Class Action Investigation
America’s Pastime, Corporate Crime
The San Francisco Giants charged hundreds of thousands of fans hidden fees that could legally only be described as deceptive. Now they’re being sued for it.
What It Costs to Be a Fan
You don’t need to be rich to love baseball. That’s the whole pitch, right? It’s the people’s sport. Hot dogs, bleacher seats, a warm afternoon at the ballpark with whoever matters to you. For a lot of families in California, buying a cheap pair of tickets to a Giants game is the splurge that gets circled on the calendar weeks ahead of time.

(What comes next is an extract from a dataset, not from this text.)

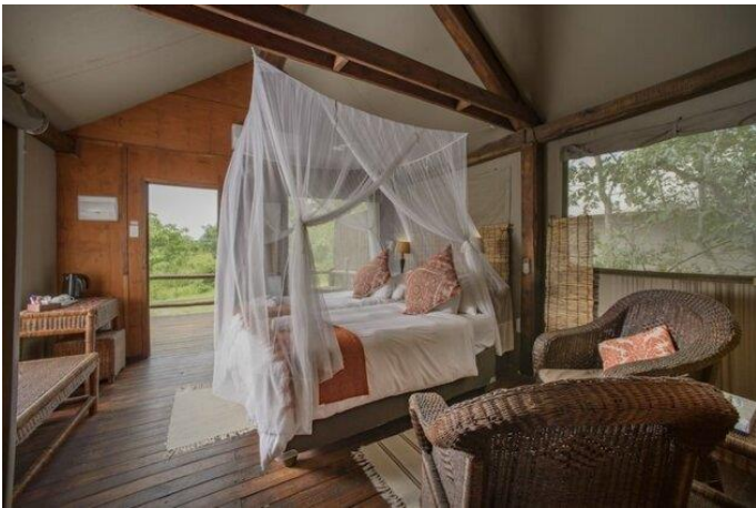
入住克魯格國家公園內 Nkambeni Camp 兩晚

Juan Flores is one of those people. A Los Angeles resident, he went online to the Giants’ official website in March 2024 looking for tickets to a Padres-Giants game in April. He found them. Two tickets. Ten dollars each. Twenty bucks total. That’s a number that works. That’s a number you can say yes to without checking your bank account twice.
So he went through the process. He picked the game. He browsed the seating map. He found two seats in his price range. He signed into his MLB account. He scrolled through prompts asking whether he wanted to add parking, make a donation to the Giants’ cause of choice, choose his delivery method, enter his payment details, and agree to Terms and Conditions that, if you printed them out, would cover 15 full pages of paper. All of this happened inside a timed checkout window, a countdown clock ticking in the corner of the screen, the digital equivalent of a store clerk tapping their watch at you.

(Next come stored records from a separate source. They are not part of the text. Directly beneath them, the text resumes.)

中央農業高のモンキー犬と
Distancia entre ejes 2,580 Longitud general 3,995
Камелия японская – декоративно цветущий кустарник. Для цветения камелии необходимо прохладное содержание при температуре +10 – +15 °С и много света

And then, only then, at the very bottom of that final page, after all of that: the real price. Not $20.00. $29.00. A $5.50 “Convenience” fee and a $3.50 “Order” processing fee had been added, unexplained, without any description of what service they were paying for or how those numbers were calculated. The price had gone up 45% from what was shown when he chose his seats.
The word “convenience” deserves a moment here. The Giants charged Juan Flores $5.50 for the convenience of buying tickets on the website they built and control, for a game they are hosting, in a stadium they operate. The convenience in question was theirs. They got to collect his money online without staffing a box office. He got a bill for it.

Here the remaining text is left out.